The response consists of the lines from the start of the material below through the line holding "Moderní postel s", repeated word for word and without pictures.

===== Collected material

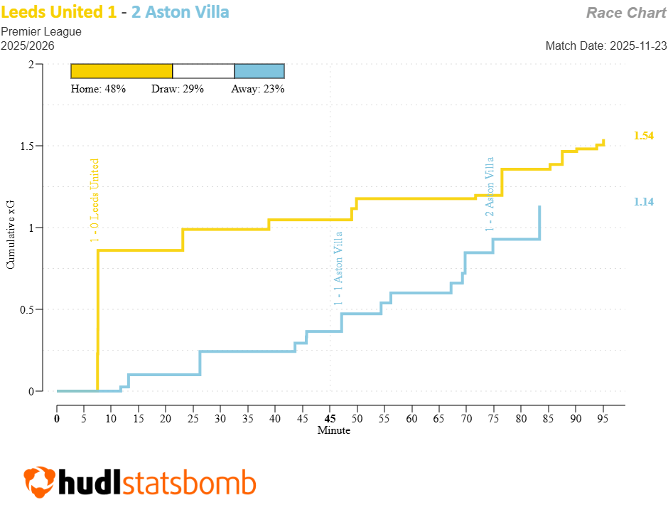 Almost every Leeds game looks like this. They’re in 18th place with a positive xG differential.
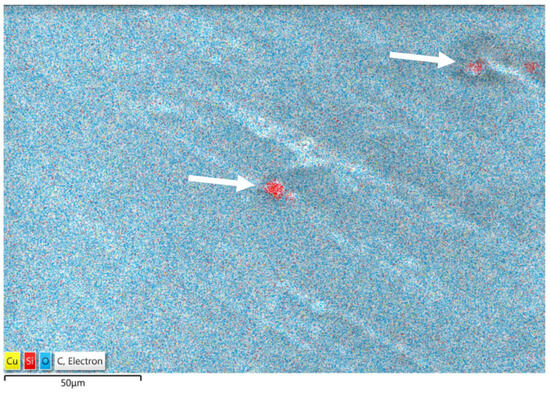 The EDS element distribution map of sample PLA/PCL/SiO2 100/0/3 with the Si-rich particles (arrows indicate Si-rich densifications).
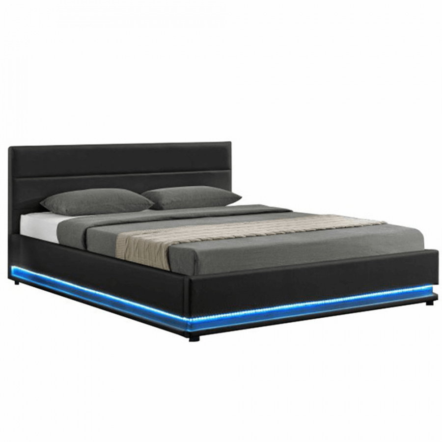 Moderní postel s úložným prostorem a lamelovým roštem včetně LED osvětlení.
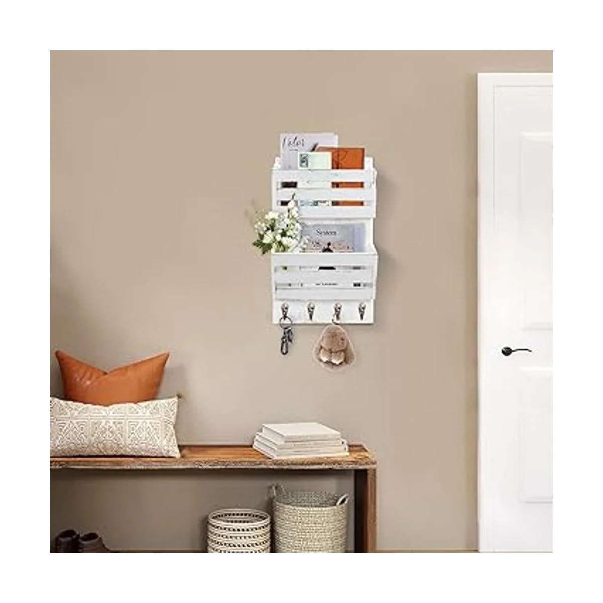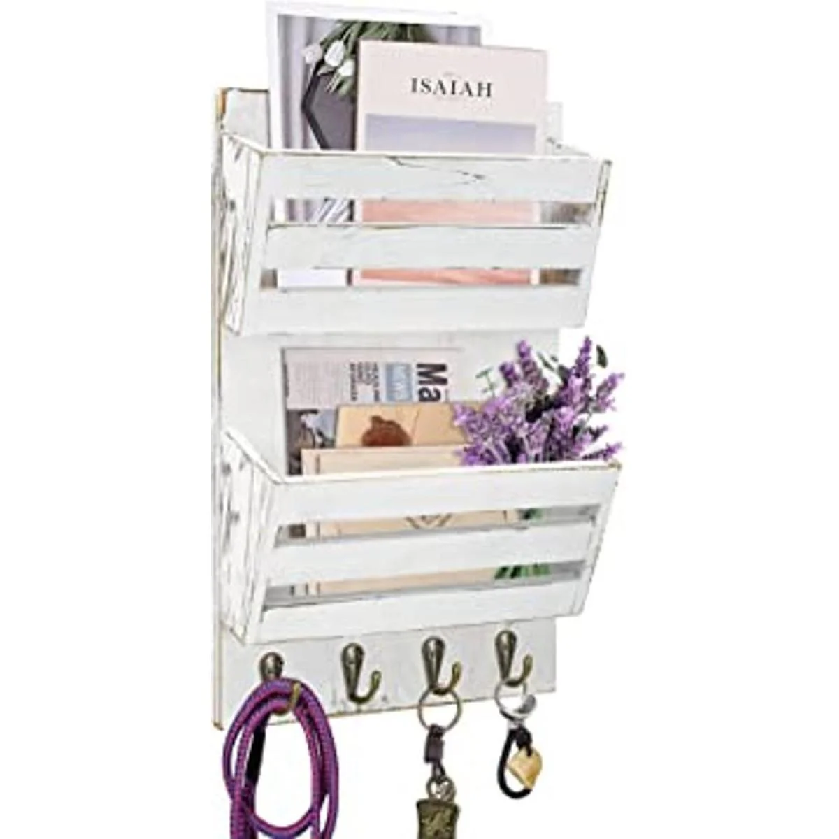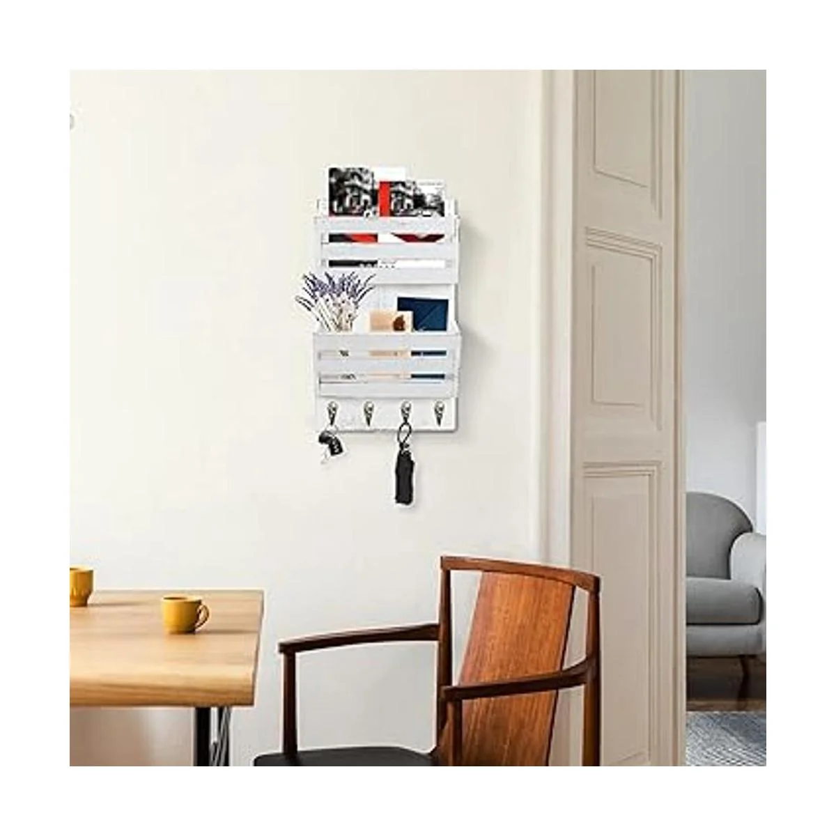 Unistyle Organizador de correo colgante con 4 ganchos para llaves, soporte de pared para correo, soporte de pared para billetes y letras para pared, soporte de llaves para pared, soporte de llaves para cartas, revistas, llaves, correas de perro

==========

Written response =
 Almost every Leeds game looks like this. They’re in 18th place with a positive xG differential.
 The EDS element distribution map of sample PLA/PCL/SiO2 100/0/3 with the Si-rich particles (arrows indicate Si-rich densifications).
 Moderní postel s úložným prostorem a lamelovým roštem včetně LED osvětlení.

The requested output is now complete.